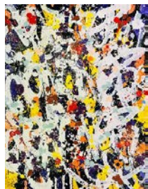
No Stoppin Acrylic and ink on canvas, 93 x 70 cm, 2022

# # # #

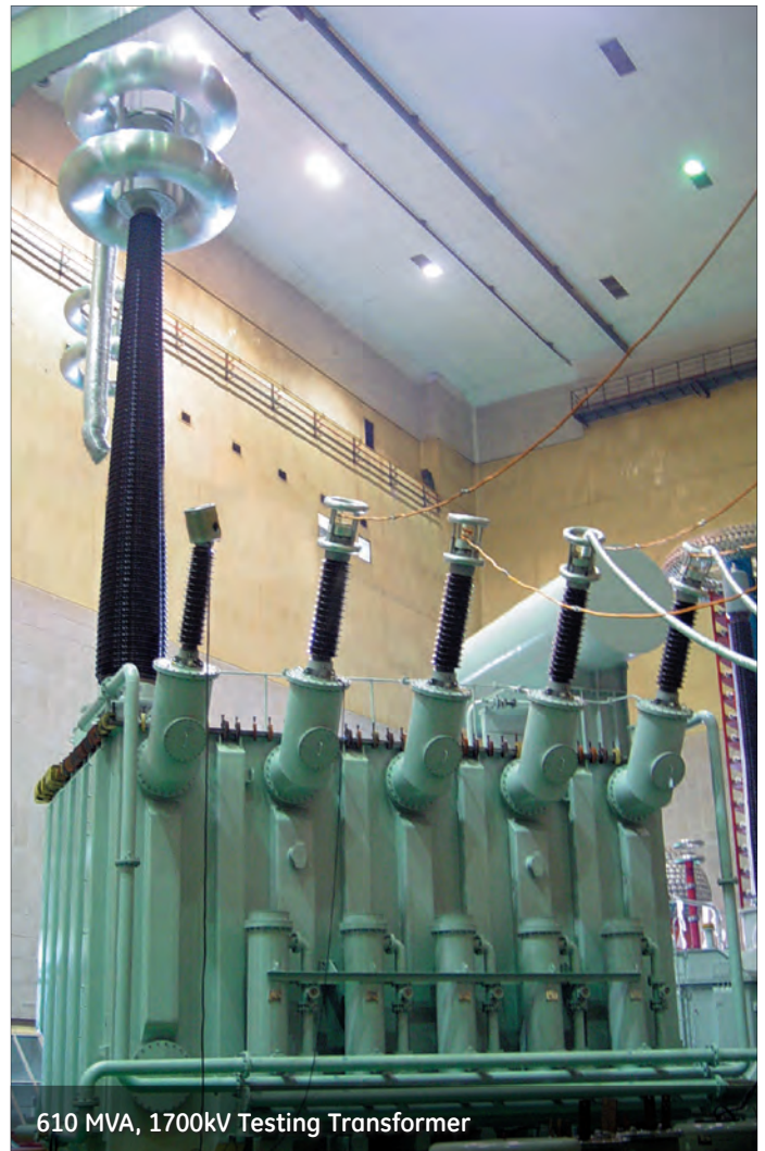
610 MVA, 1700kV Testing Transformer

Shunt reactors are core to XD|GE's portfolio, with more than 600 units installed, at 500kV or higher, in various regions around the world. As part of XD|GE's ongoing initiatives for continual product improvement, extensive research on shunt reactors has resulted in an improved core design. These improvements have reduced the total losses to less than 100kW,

# # # #

Going down the listing above, begin printing at the line with "610 MVA, 1700kV Testing Transformer" and finish with the line with "Shunt reactors are", exactly as they appear.

- _YOUR SOLUTION_
610 MVA, 1700kV Testing Transformer

Shunt reactors are core to XD|GE's portfolio, with more than 600 units installed, at 500kV or higher, in various regions around the world. As part of XD|GE's ongoing initiatives for continual product improvement, extensive research on shunt reactors has resulted in an improved core design. These improvements have reduced the total losses to less than 100kW,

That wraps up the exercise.